Go ahead and supply the jokes. A clever Cleveland fan on Twitter offered that at least he didn't have to wait for the ball to drop at Times Square.
Coleman sure wasn't laughing. He sat devastated on the field, held his head between his hands on the sideline bench, then looked and sounded inconsolable in the locker room, saying of the drop, "I'll never forget it. I've got to catch that. I've got to make that play."
Also after the game out on a lower concourse, the Browns' immensely unpopular owner, Jimmy Haslam, told reporters Jackson would be back as head coach, explaining, "Hue hasn't lost his magic" from the period in which he was a coveted offensive coordinator in Cincinnati.
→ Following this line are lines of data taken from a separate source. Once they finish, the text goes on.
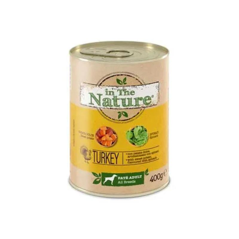 In The Nature Light è un alimento umido completo in lattina, per cani adulti, preparato con cura utilizzando ingredienti attentamente selezionati per garantire una dieta equilibrata al tuo affettuoso compagno peloso. Mentre, gli aminoacidi essenziali, componenti fondamentali delle proteine, sono inclusi per assicurare una dieta completa e equilibrata. Inoltre, l'olio di semi di lino è una preziosa fonte di acidi grassi essenziali, in particolare omega 3, noti per il loro ruolo benefico nel supportare le articolazioni, migliorare la salute del pelo e favorire una cute sana e i frutto-oligosaccaridi (FOS) favoriscono una sana digestione, migliorando l'equilibrio del microbiota intestinale e contribuendo al benessere generale del vostro animale. Grazie alla percentuale ridotta di oli e grassi, con orzo integrale, fonte di fibre per favorire il transito intestinale e Thè Verde con proprietà antiossidanti.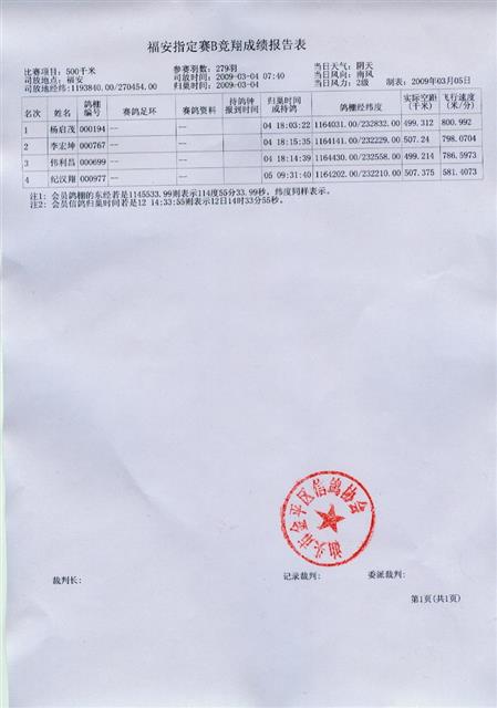 汕头市金平区信鸽协会09年迎春福安指定B成绩表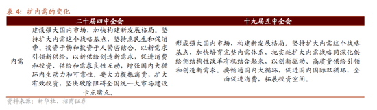 在扩内需方面,相较于十九届五中全会,本次公报有两大变化。一是提到了“坚持惠民生和促消费、投资于物和投资于人紧密结合”,这意味着已经基本确立了通过惠民生来扩内需的这一根本路径。二是对“统一大市场”的措辞更加坚决。在此前的十四五规划中,对“统一大市场”用到的是“加快构建国内统一大市场”,本次则是变为了“坚决破除阻碍全国统一大市场建设卡点堵点”。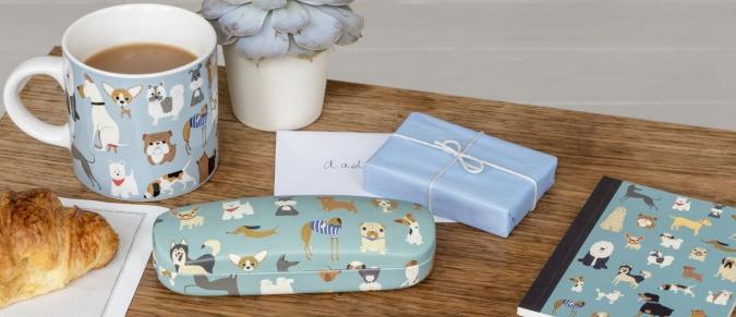 A mug, glasses case and notebook with a dog print, and an envelope with 'Dad' written on it

Jackson, who vowed before this season that, if the Browns would again go 1-15, he'd jump into Lake Erie, said after this, "I don't think anyone else could have stayed in this job for two years and be 1-31. A lot of coaches would have said uncle after last year. We're going to turn this around. I understand how our fans feel. The only thing that's going to change their minds is us turning this organization around and getting to winning."
That water's awfully cold this time of year.